Download raw body.
sys/iwx: support of 160Mhz window at 5Ghz
On Sun, Mar 22, 2026 at 09:07:37PM +0100, Kirill A. Korinsky wrote: > Unfortently, the machine with iwx can't move beyond ~300 mbps. I've tried > both iwx and 1G Ethernet as USB dognle, so, I can't prove that. Our USB stack tends to be slow, yes. I've seen this with my Ethernet dongles as well. > But Unifi thinks that this machine is connected as 42 dBm Ch. 64 (5 GHz, 160 > MHz) and it says: Rx Rate 780 Mbps; Tx Rate 1.17 Gbps. This tells us that 160 MHz is definitely working from the AP towards iwx. 1.17 Gbps can only occur with a 160 Mhz channel. But this doesn't tell us whether 160MHz Tx from iwx to the AP is working because 780mbps is ambiguous. It could be MCS 8 or 9 at 80 MHZ or MCS 4 at 160 MHz (assuming 2 streams). See mcsindex.com The AP could simply be listing the client as 160MHz-capable based on what iwx is sending in VHT capabilities. I don't believe that the Tx side is necessarily broken.
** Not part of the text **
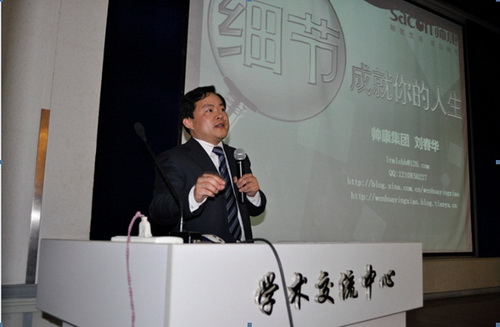 4月13日晚,由商学院学生工作办公室协同帅康集团主办,企业管理研究会(工商管理专业)承办的“细节决定人生—2011帅康集团客座教授全国高校巡讲”在学术交流中心隆重举行,近500 余名学生聆听了演讲。主讲人为刘春华博士,现任帅康集团常务副总裁,曾任海尔集团空调营销总监12年。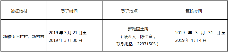 经广东省人民政府批准(粤府土审(02)〔2019〕15号文),需将葡京娱乐场 新雅街旧村村、新村村属下的集体土地6.2415公顷(合93.6225亩)征收为国有土地。现将经依法批准的《征收土地方案》和市人民政府批准的《征地补偿安置方案》内容以及有关事项公告如下:

But it would be nice to see some evidence of iwx firmware deciding to use 160 Mhz bandwidth during transmit, just to confirm that the driver is configuring this correctly. > And in beacon I see: Channel Width: 80 MHz, 160 MHz or 80+80 MHz BSS > Bandwidth (1). I checked our net80211 headers first, which still list value 2 as 160 MHz. Turns out the 802.11 spec has since deprecated values 2 and 3. Wireshark is correct that this value by itself doesn't mean anything and can be set to 1 in all cases. We need to check the two bytes following this value specify the center frequency of two 80 MHz portions of a 160 MHz channel.